Mining stocks decline as Bitcoin miners sell at the fastest rate in seven years.
The pressure on Bitcoin miners has never been higher as of Nov. 22, when BTC prices hit a fresh bear cycle low.
Charles Edwards, the founder of Capriole Fund, saw that Bitcoin miners were selling aggressively on November 21. The sell-off has escalated by 400% so far this month, as seen by the chart.
He continued, “It is also the most aggressive selling observed in almost seven years.”
“Many Bitcoin miners will go out of business if price doesn’t rise soon.”
Currently, bitcoin miners are dealing with three problems at once. It is more difficult to mine the next block when hash rates are close to their peak levels. Although this is negative for miners, it is beneficial for network security. Blockchain.com reports that the network hash rate is presently 261 EH/s (exahashes per second). Furthermore, it peaked on November 2 at 273 EH/s.

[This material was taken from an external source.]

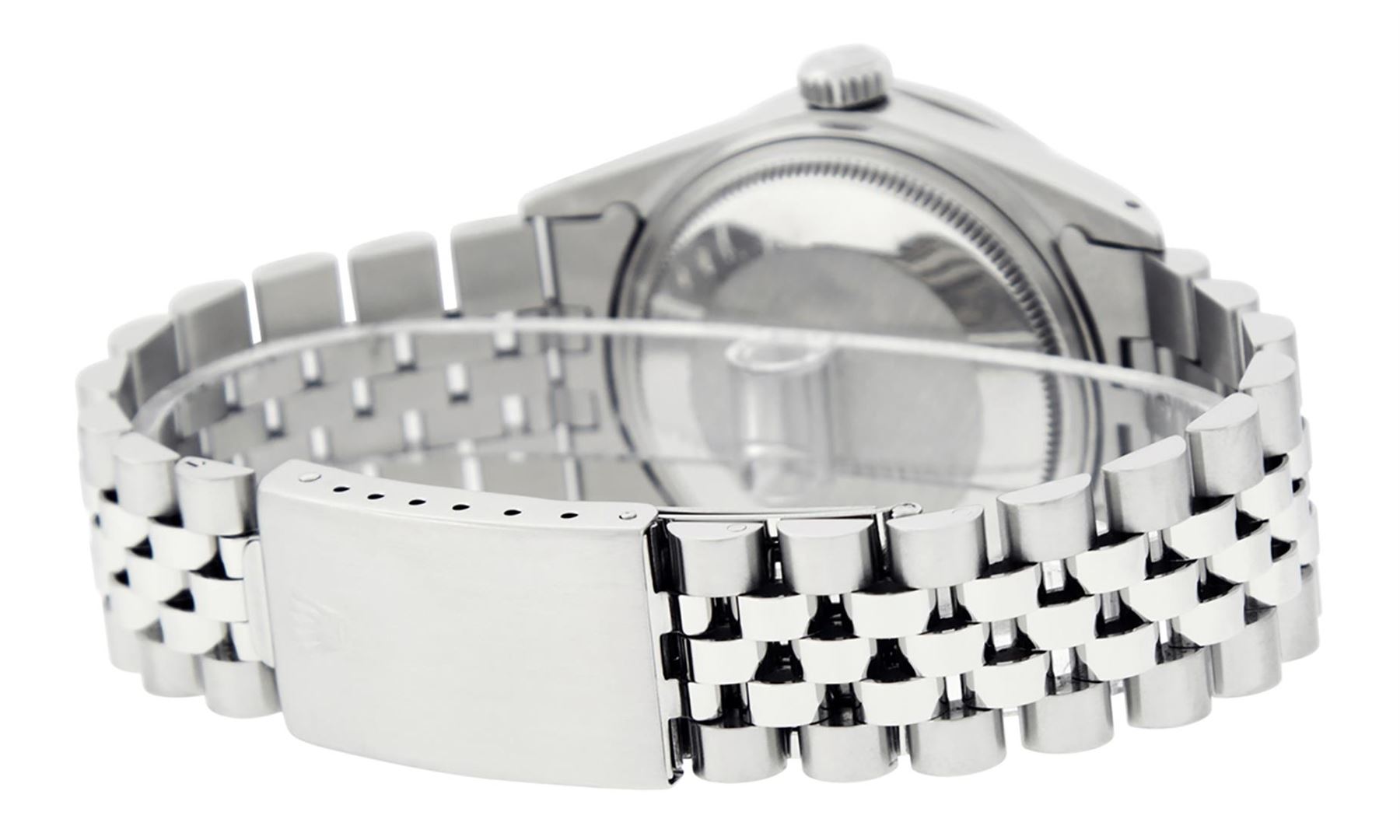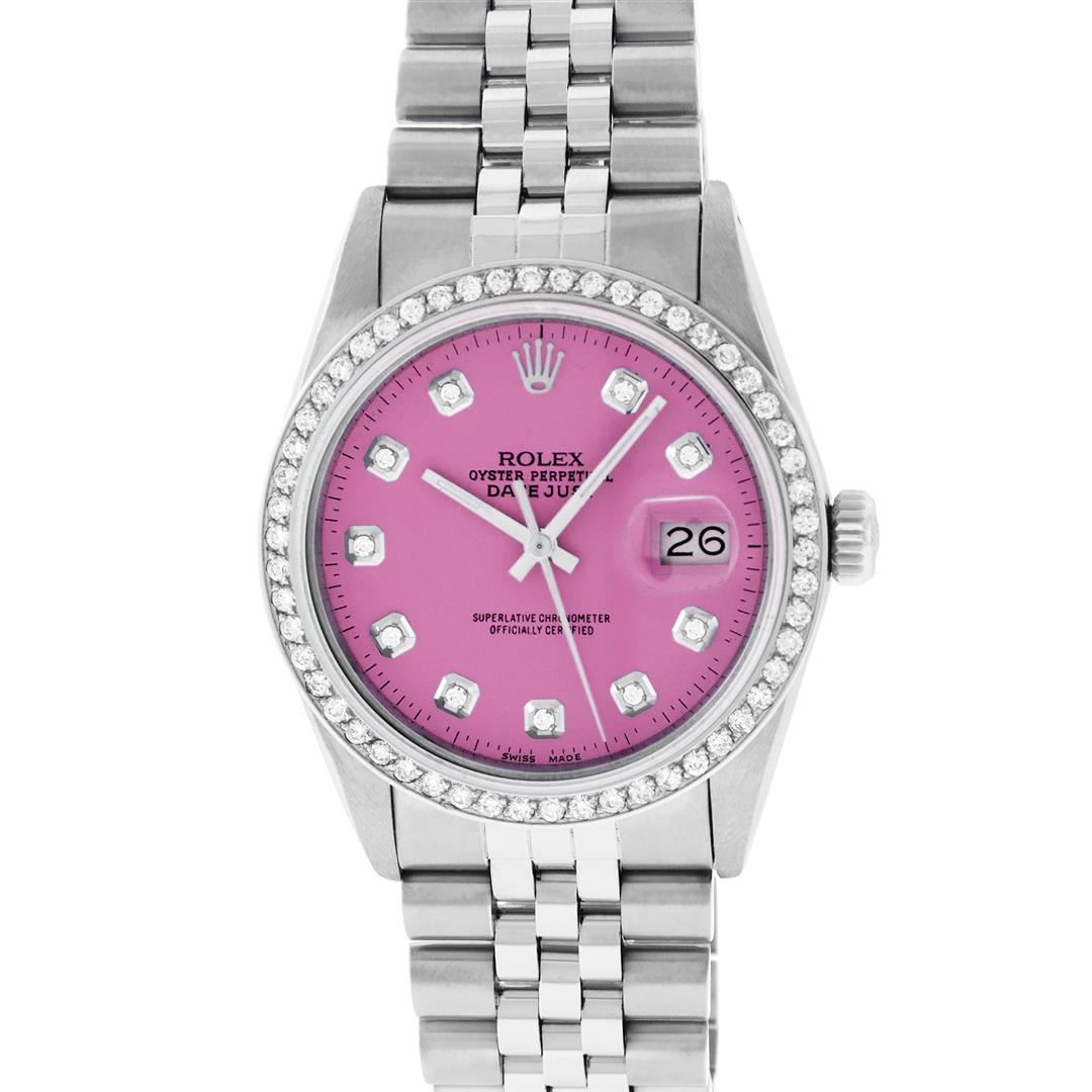 One Mens Pre Owned Rolex Stainless Steel Datejust Polished Bright with Satin Finish, This Watch Has Been Serviced & Electronically Tested, Rolex Stainless Steel Case: 36mm, Rolex Stainless Steel Crown, Custom Bezel: New Stainless Steel Bead set Diamond Be

It is more difficult to compete for the next block because mining difficulty is also at peak levels.
Energy costs are still extremely high most of the time, which makes things difficult for Bitcoin miners. Profit margins are severely lowered when power costs are excessive. As a result, many mining operations will shut down their equipment or cease operations entirely.
The Australian company Iris Energy is the most recent to do so. Iris has been forced to shut down its hardware after defaulting on a $108 million debt, according to BeInCrypto.
The third element that harms miners is the price of bitcoin. According to CoinGecko, the asset fell to $15,650 on November 22, its lowest price since November 2020.
The downward spiral is exacerbated by all of these reasons, which continue to put pressure on Bitcoin miners and leave them with no choice except to sell.
Due to declining share prices, publicly traded mining businesses are likewise in a terrible situation right now. According to Market Watch, Canaan Inc. stock plunged to a two-year low of $2.52 in after-hours trading.
Additionally, Riot Blockchain stock is at a two-year low. After the bell on Monday, they decreased to $4.05, over 94% below their peak.
Not much better is happening to Marathon Digital. After hours, the stock traded at $6.26, its lowest price since December 2020.
As the crypto cold intensifies, bitcoin mining stock trade volumes are likewise at their lowest-ever levels.